Understanding the role of particle size in the removal process is key to efficient solids removal.
Relatively large particles, those over 100 microns (micrometers), are considered settleable solids, meaning that if water velocity is reduced they will settle to the bottom by gravity. This settling or sedimentation is accomplished by allowing the water to slow, usually in a sump tank, with the result that these big particles drop out. This process can be encouraged by running the water through tubes or over weirs in the settling tank. The relatively long retention times (slow flow rate) in a settling tank, which is needed for settling to occur, is a drawback which has been answered by diverting some of the flow "offline" (temporarily out of the recirculation loop) so settling can occur without affecting overall flow in the system. Wherever the solids settle out they must be periodically removed by draining off the sludge with the unwanted loss of water, as well. While settling is cheap and simple, removing particles only larger than 100 microns is inadequate, too much solid material remains. So, sedimentation may be used as a primary or pretreatment, but can not be used as the only solids removal technique.
Adequate solids removal for recirculation aquaculture requires that particle sizes down to about 50 -75 micrometers be removed. Water with only particles <50 microns remaining will seem somewhat cloudy and turbid, but is sufficiently clean for production recirculation aquaculture (but not for display, as in a public aquarium). The most popular removal equipment for smaller particles falls into two categories: granular media and microscreens. A distant third in popularity is the hydrocyclone. The hydrocylcone works by converting the water velocity into a circular motion in a cone. Solids in the spinning water are thrown to the sides of the cone by centrifugal force. At the sides, the velocity is slower and the solids sink to the bottom of the cone while the cleaner water exits the top. Essentially, a hydrocyclone works by forcing sedimentation in an environment with an increased gravitational force (simulated by centrifugal force), not unlike a centrifuge or a carnival ride. Hydrocyclones are widely used in industry for separating solids from liquids. The drawback of hydrocyclones for recirculation aquaculture is that they result in a high head loss (require extra pumping power), increasing the energy expense.

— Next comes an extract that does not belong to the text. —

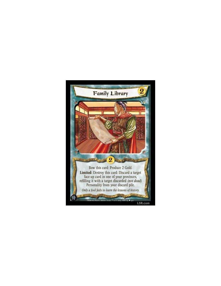 Family Library  - Bow this card: Produce 2 Gold.  Limited: Destroy this card: Discard a face-up card in one of your provinces, r

Another category of solids removal equipment is porous media. While they have some special applications, they are not appropriate for production recirculation aquaculture. One type of porous media filter is the diatomaceous earth or D.E. filter. Diatomaceous earth is a mineral deposit consisting almost entirely of the frustules (microscopic shells) of marine phytoplankton called diatoms. These tiny frustules are mainly silica, like sand, and provide a very fine media for straining out very small solids (down to 0.1 microns!). They produce sparkling clear water, but clog very rapidly unless the water is pretreated to move larger particles. While useful for display systems, they are "overkill" for production recirculation aquaculture. Another porous media filter is the cartridge filter. A cartridge filter is like an auto oil filter which has a replaceable plastic media that traps solids. It has specialised applications in small experimental systems, but is seldom used in production aquaculture.
Finally, there is another category of filters that remove the smallest particles (< 30 microns) and colloids. This includes the foam fractionators and ozonators. While it is generally accepted that recirculation aquaculture systems can be successfully operated when only particles down to 50 microns are removed, many operators believe that it is very helpful to scrub the water with a foam fractionator or ozonator to minimize problems, maximize production, and reduce water replacement that would be used to flush out these components.
Once the solids are diverted from the recirculation system, they must be disposed of properly. The solid waste is simply fish manure, but it differs from other animal manures in that it is 99% water. The wastewater may be diverted temporarily to a lagoon for settling. An alternative is land disposal. If the soil drains well or "percolates", the liquid fraction of the waste may be disposed of through some sort of leach field or sprayed on pasture land. At this point, the fish farmer must meet environmental regulations designed to protect ground water. In some areas, the nitrate content of recirculation aquaculture may prevent ground disposal.